I bought the "old" snowblower at my father hss928 2014 and i need information for switch the oem light for 7 inch 36w led light.

i just need the light comes ON while the engin is running ! 

what I would like to know

if know plug and play or i need bridge rectifier or capacitor ....


----------



## tabora (Mar 1, 2017)

Some confusion here, because you ask about an HS928, but the 1st picture is of an early HSS928 Canada model, I think. The answer is different, depending on which one it is. What is the 2nd picture of the LED bar from? Someone else's blower?


----------



## UNDERTAKER (Dec 30, 2013)

*ALOHA From The Paradise City. :smiley-rpg027::smiley-rpg027::smiley-rpg027::smiley-rpg027::smiley-rpg027:*


----------



## Philippe Morissette (Nov 14, 2018)

tabora said:


> Some confusion here, because you ask about an HS928, but the 1st picture is of an early HSS928 Canada model, I think. The answer is different, depending on which one it is. What is the 2nd picture of the LED bar from? Someone else's blower?

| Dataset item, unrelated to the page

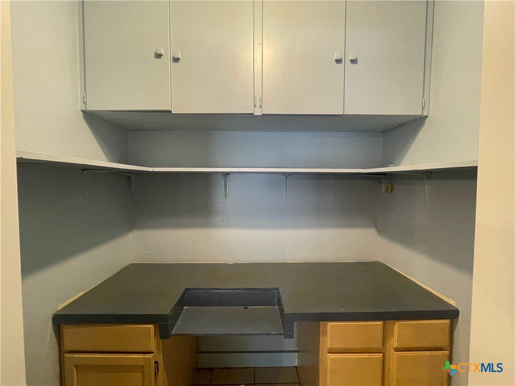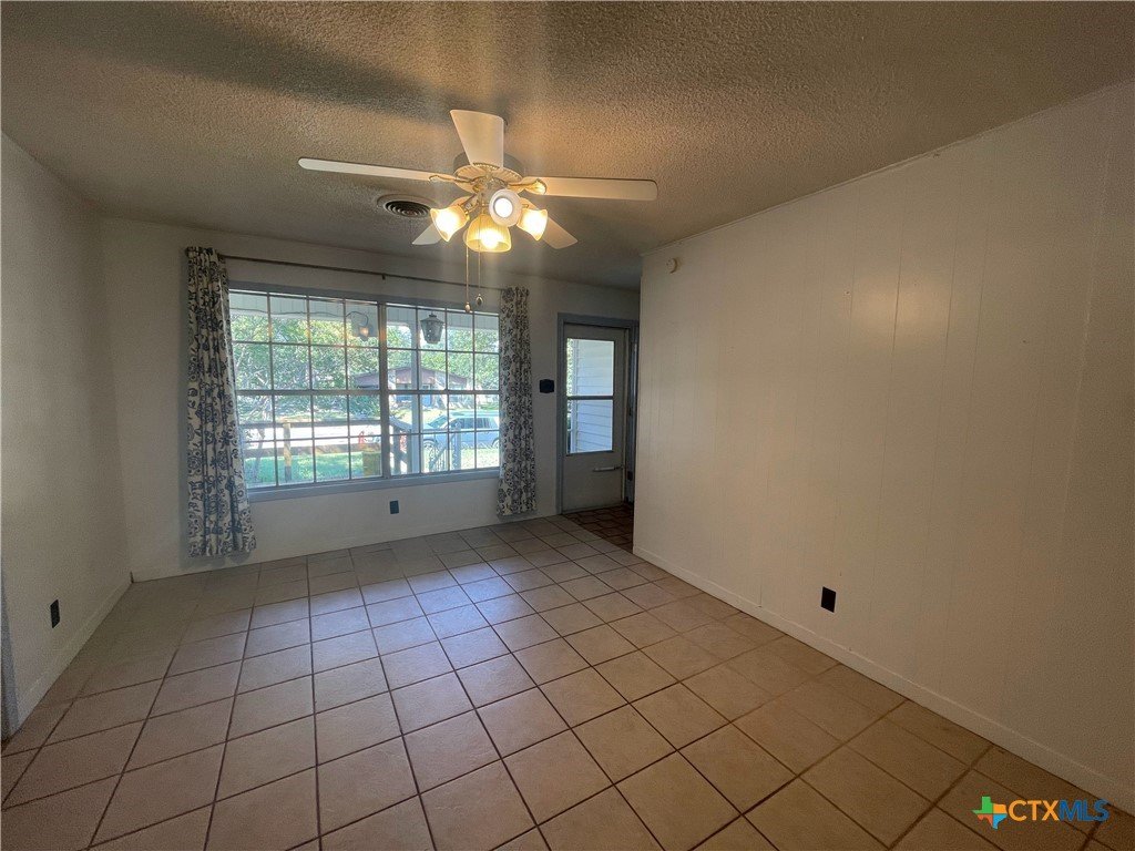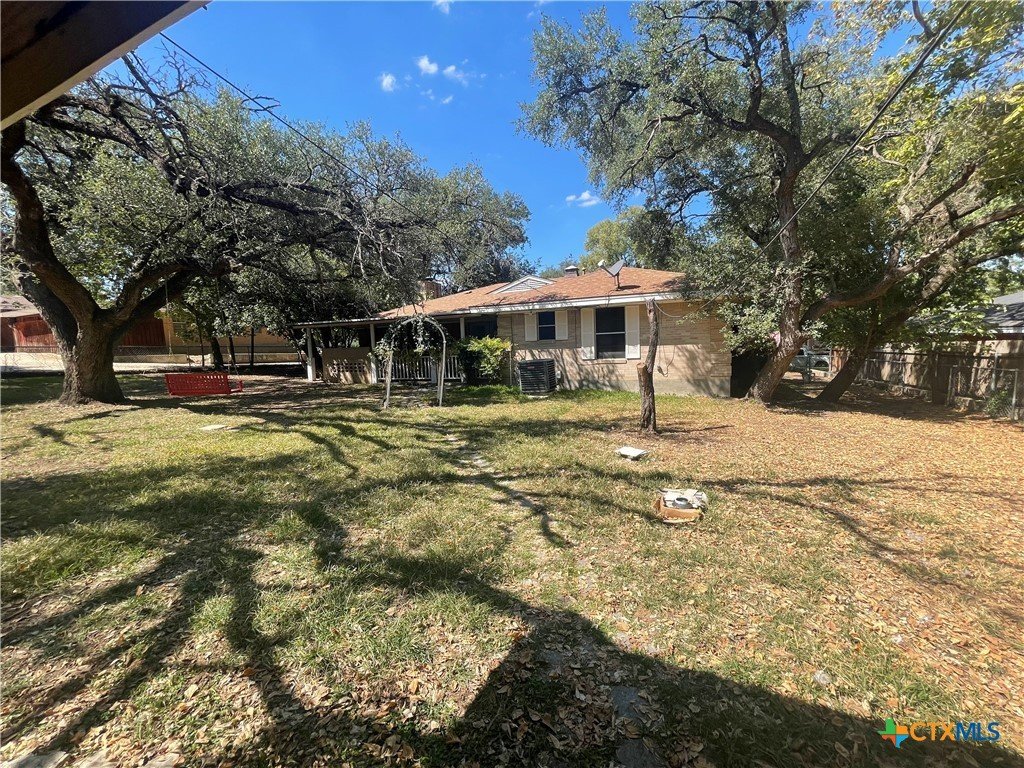 Discover this spacious 1,750 ft2, 3-bedroom, 2-bath home on the desirable west side of Lampasas, thoughtfully designed with ADA amenities for enhanced accessibility. The entire home features easy-to-maintain tile flooring, ensuring smooth movement throughout. The layout is welcoming, centered around a large den area boasting big windows that provide abundant natural light and a cozy wood-burning fireplace. The home includes both a formal dining area and a kitchen eating space with a handy breakfast bar. French doors lead out to a covered and enclosed patio, creating a secure and ideal outdoor extension, perfect for dog lovers. The property offers a huge, fenced backyard and includes a dedicated storage building—great for keeping belongings dry or setting up a versatile mini-workshop for hobbies like woodworking.

yes i have hss928 canadian ! the picture is just to show the light I have and the one I want


----------



## tabora (Mar 1, 2017)

Now that I've looked at them a bit more, those look like clips from Paul & Kathy Short's Honda HSS928TCD videos (Bay Roberts, Newfoundland). 

If I remember correctly, he just plugged the new LED bar directly into the A/C connector coming off the Lamp Coil. Sometimes that can lead to flickering if you don't wire in a bridge rectifier. 

I think another option for you would be to use the PAR36 LED bulb, which works with D/C or A/C: https://www.snowblowerforum.com/for...624-hs724-hs828-hs928-hs1132.html#post1229266


----------